• What you have to do: Exactly the lines from the one containing "八城 颯礪さんの総格は52画の4点!" through the end of the data, and nothing more, should be retyped; pictures stay out.

• Stored data:
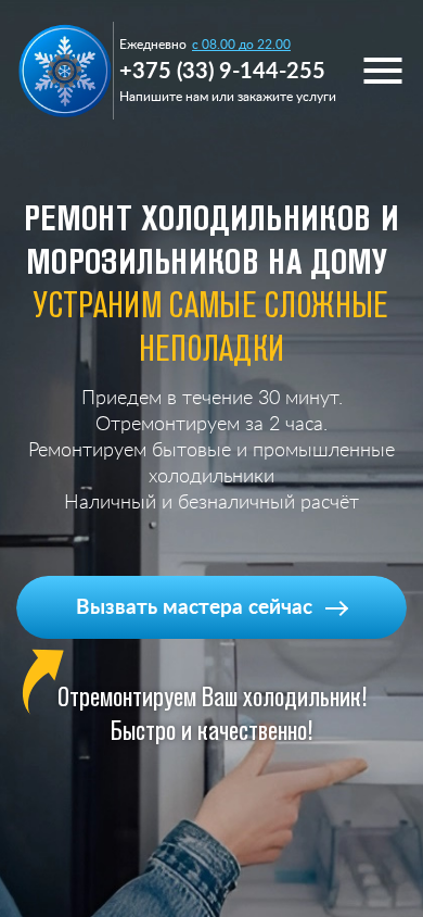 | Название / Заголовок | РЕМОНТ ХОЛОДИЛЬНИКОВ И МОРОЗИЛЬНИКОВ НА ДОМУ | Витебск и районы |
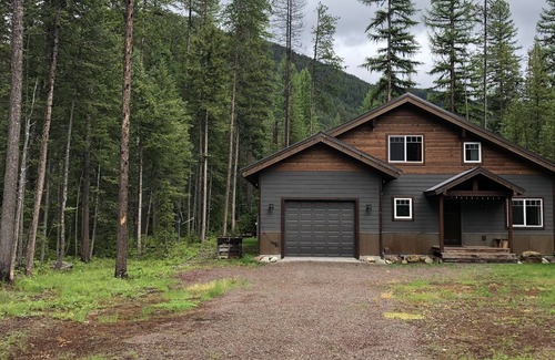 Beautiful newly constructed home on a quiet, wooded half acre perfectly located between West Glacier and East Glacier. Four bedrooms and 3 bathrooms will accommodate 8-10 people comfortably. Large living room, family room, and spacious kitchen island for dining. New appliances and kitchen is fully stocked with dishes, pots/pans, utensils, spices, condiments and coffee. There is also an outdoor grill for making meals at home while enjoying the beautiful views. Convenient public river access nearby, upstream and downstream and just a few miles away is the historic Izack Walton Inn, perfect for cross country skiing! Hiking access to National Forest Service, Great Bear Wilderness and Glacier Park trails are all within miles! Listen to the river as you enjoy a campfire in the backyard, just off the covered back porch! Perfect for year round get-aways. Restaurants, shopping and recreation are all just a close drive away!
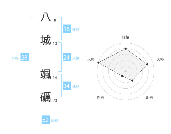 八城 颯礪さんの総格は52画の4点!
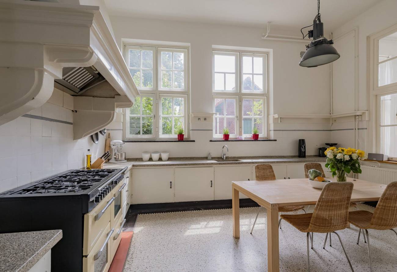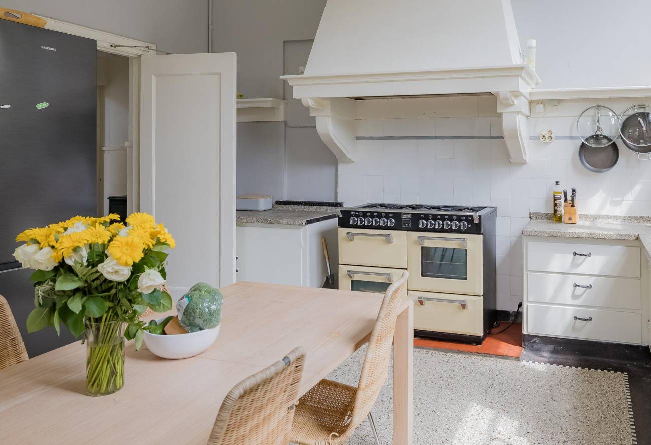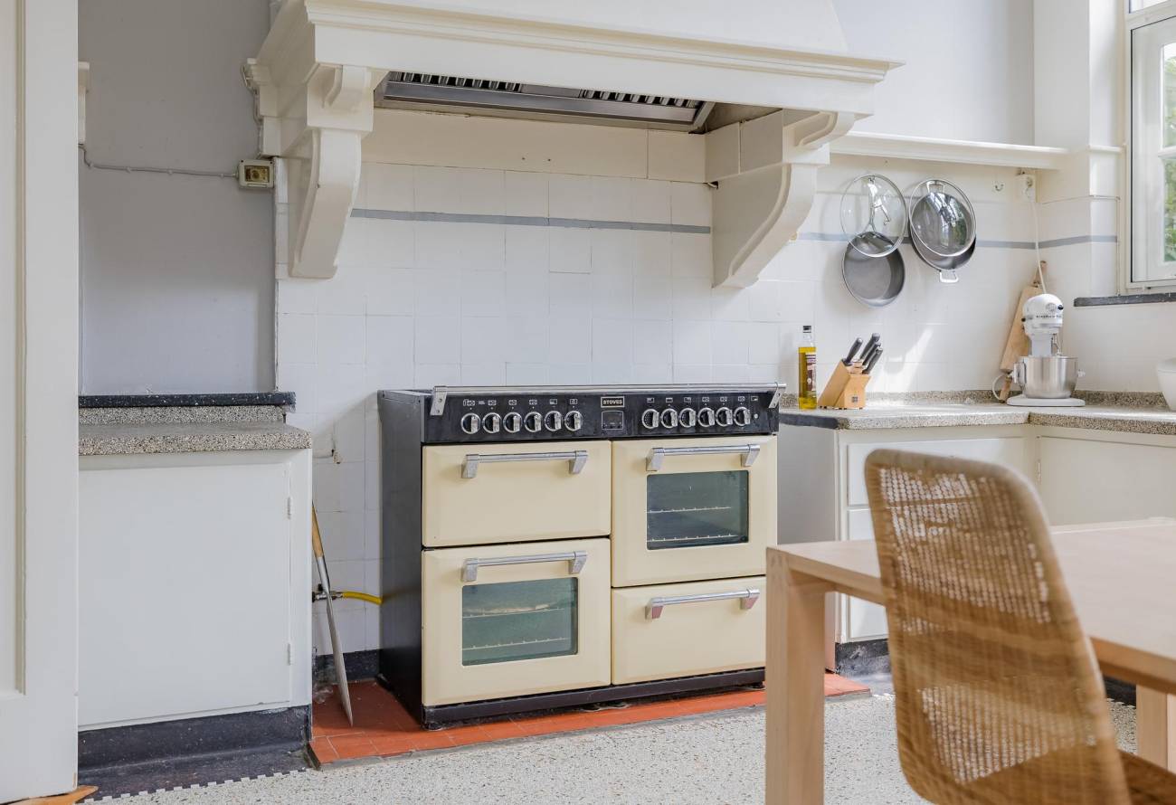 Je komt binnen via de entree en loopt door naar de bijkeuken met aanrechtblad en hotfill-aansluiting. Van daaruit stap je de gezellige leefkeuken in met granitovloer, terrazzo-aanrechtbladen en als pronkstuk een groot 8-pits fornuis met professionele afzuiging.

• Completed task:
 八城 颯礪さんの総格は52画の4点!
 Je komt binnen via de entree en loopt door naar de bijkeuken met aanrechtblad en hotfill-aansluiting. Van daaruit stap je de gezellige leefkeuken in met granitovloer, terrazzo-aanrechtbladen en als pronkstuk een groot 8-pits fornuis met professionele afzuiging.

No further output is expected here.